Olafur Eliasson: Your now is my surroundings: Tanya Bonakdar Gallery, New York

October 24 - December 2, 2000
Installation Views
Press release

Bonakdar Jancou Gallery is pleased to present 'Your now is my surroundings,' Olafur Eliasson’s third exhibition with the gallery.


In ‘Your now is my surroundings,’ Eliasson has converted the interior of the main gallery space into an exterior courtyard. The glass panels from the skylight have been removed. Beneath the skylight, a space has been constructed to the exact dimensions of the opening in the ceiling. Glass mirror has been installed onto each of the four walls of the constructed space, starting at 68 inches above the floor (an approximation of ‘eye-­‐level’) and spanning to the mouth of the open skylight.


The ‘courtyard’ is entered and exited through the same front door. A darkened corridor, created by the space between the exterior of the courtyard and the interior of the main gallery, leads the visitor to a window-­‐like opening in an internal gallery wall. Channelling daylight into the darkened space, the opening offers a kaleidoscopic view out across 21st street from the main gallery, by way of a mirror-­‐lined shaft that runs through an adjacent second gallery that continues through the gallery office. The second gallery offers an external view of the of this mirror shaft, as does the office area.

 

Clearly engaged in an architectural discourse, ‘Your now is my surroundings’ presents architecture as an experience, an investigation of the individual perception of space and orientation. Eliasson has effected the function of the space so that it acts as a veritable ‘viewing machine,’ or camera, with the individual visitor as the iris, and memory as film. The experience of the visitor is utterly reconfigured, even reversed, as the visitor does not only look at an object set within the gallery, or an architectural space, from the outside -­‐ in; but rather, the gaze is re-­‐directed from the inside -­‐ out.


This raises the issue of a ‘double perspective,’ that is, 'seeing yourself seeing,' elucidating our capacity not only to see, but to see from where it is we stand and look.

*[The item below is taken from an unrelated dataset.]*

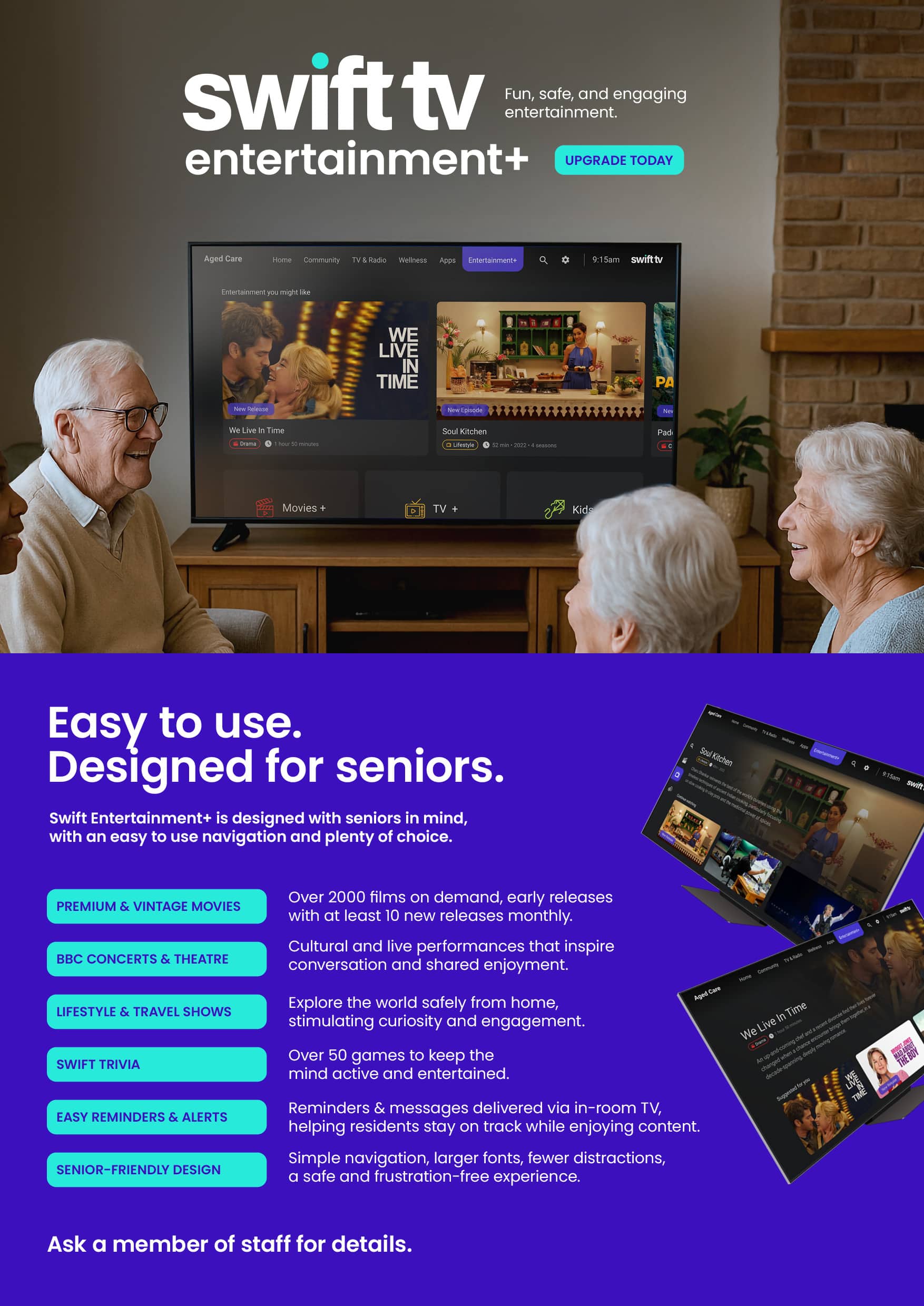 Click below to download a digital leaflet to share with residents’ families about the benefits of upgrading their subscription to include Swift Entertainment.

The installation further deals with issues of movement, social relations and individual freedom, or rather, the freedom from homogeneity of the heavily coded public space. Eliasson is interested in shifting the way in which our surroundings are laid out and perceived according to convention, emphasizing that perhaps our greatest commonality is that we are different. Our experiences are then understood and given meaning through representational layers that are individually assigned. But universally, experience (be it rooted in the past in the form of memory, or the future in the form of anticipation) is perceived in the present, in the ‘now,’ as informed and projected by the sensory stimuli put forth by the surroundings. Here, Eliasson has created an ‘open’ space, or ‘decoded’ chamber, for the visitor to enter and perceive architecture as experience.